Bookmarking the Smart Way---RSS Feeds and Google Reader

Thanks to an assignment from my grad course, I learned about RSS feeds (really simple syndication feeds) and it has revolutionized how I use the internet. Using the Google Reader app, I can subscribe to all of my favorite sites using the RSS feed urls provided on their sites. This app then keeps track of what new content is posted by the websites I subscribed to and show me the newest content on one page.

Google Reader also allows you to make folders of your feeds, letting you group the feeds together any way you like. A few of the folders I use are professional development (where I keep the blogs and websties of professional organizations or educators who talk about how to improve my teaching), news (where I follow current events in NY, the rest of the country and the world), and funny stuff (where I keep all the webcomics, YouTube channels, and other things that I spend too much time looking at).

Because of this app and RSS feeds, checking the internet is a completely different experience. Now I can look for updates on my favorite sites by simply looking at my folders of subscriptions and clicking only on the things that interest me, as opposed to having to click each and every favorite on my list. Now new information is organized, quickly found and read and I can get back to working on other projects.

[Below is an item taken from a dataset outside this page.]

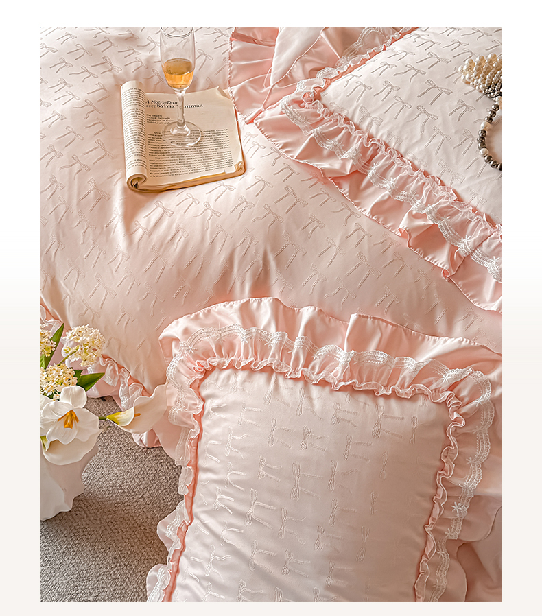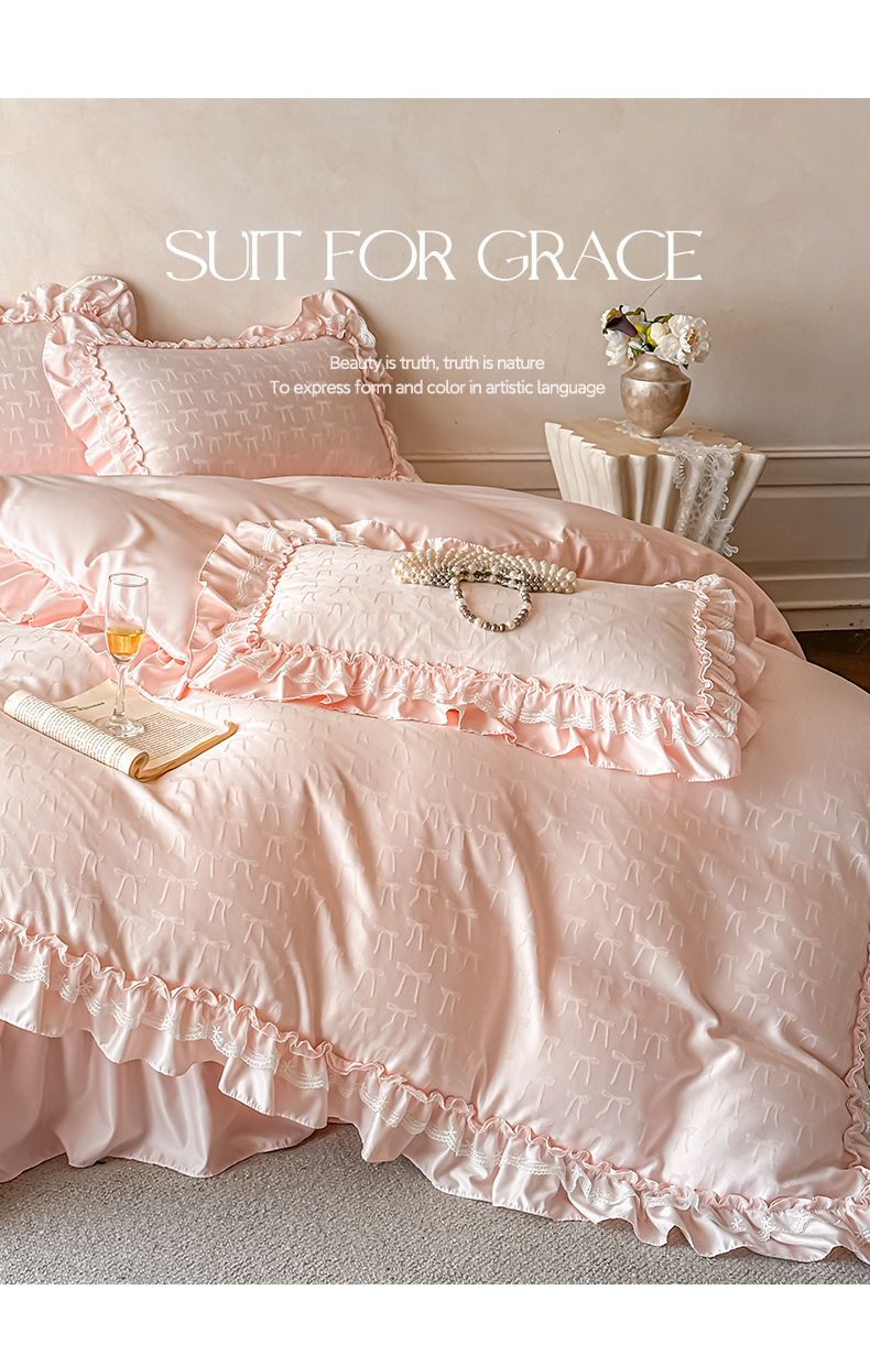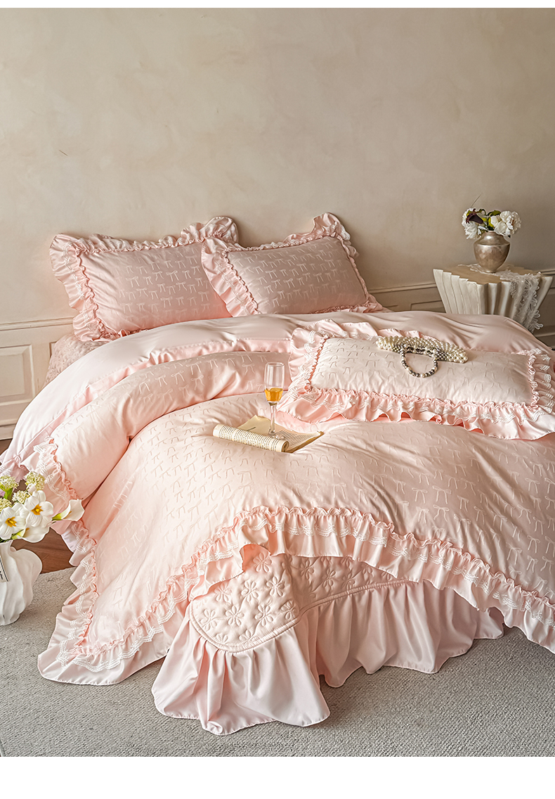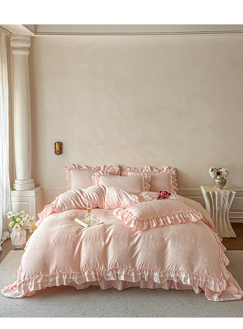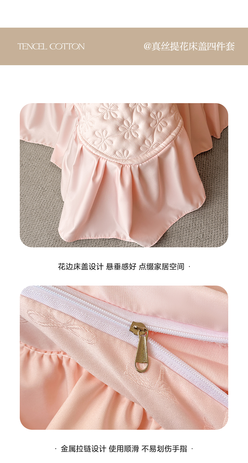 迪梦姿家纺 2026新款春意真丝提花床盖四件套 粉玉

However, information is only good if you can share it with others, and my bookmarks and subscriptions to really great websites are only on my computer. How can I easily share them with others?

Social Bookmarking

This dilemma is solved by another tool I learned about from my class, social bookmarking. Social bookmarking  involves using a website, such as Diigo, where the users transfer, organize and post new bookmarks of things they have found on the internet.  Other users then can follow you or join your group, and see your organized links, and use them. You can also attach tag or labels to this links to help others find them when searching for helpful links.

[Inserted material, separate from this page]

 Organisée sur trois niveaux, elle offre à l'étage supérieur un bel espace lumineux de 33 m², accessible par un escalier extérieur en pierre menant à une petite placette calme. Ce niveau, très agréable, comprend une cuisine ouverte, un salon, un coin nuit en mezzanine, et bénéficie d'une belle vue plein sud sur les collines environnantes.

On Diigo, whole schools can set up accounts where each teacher can post his or her links in a common account, allowing all the other teachers access to the resources that one person had. Individual classes can also have groups, where the teacher is able to organize all of the links to cool websites and materials that may be used in lessons, so students have access to these tools instead of having to type in all of the urls themselves.

Social bookmarking allows you to access the good sites that others have found after spending time sifting through the many bad sites available, saving you all the work of having to do that yourself. And you can help share your secret stash of resources with others in return, allowing you to help other teachers improve their teaching.

RSS Feeds and Social Bookmarking

Together these two tools help teachers by making information easier to find and even easier to share with others. This not only helps the individual teacher by increasing their professional knowledge or own tool chest of resources, but entire grade levels, schools and district by being able to share these resources so more and better tools are available for every educator. More importantly, all of this helps the students by giving them better teachers with better resources to teach them with.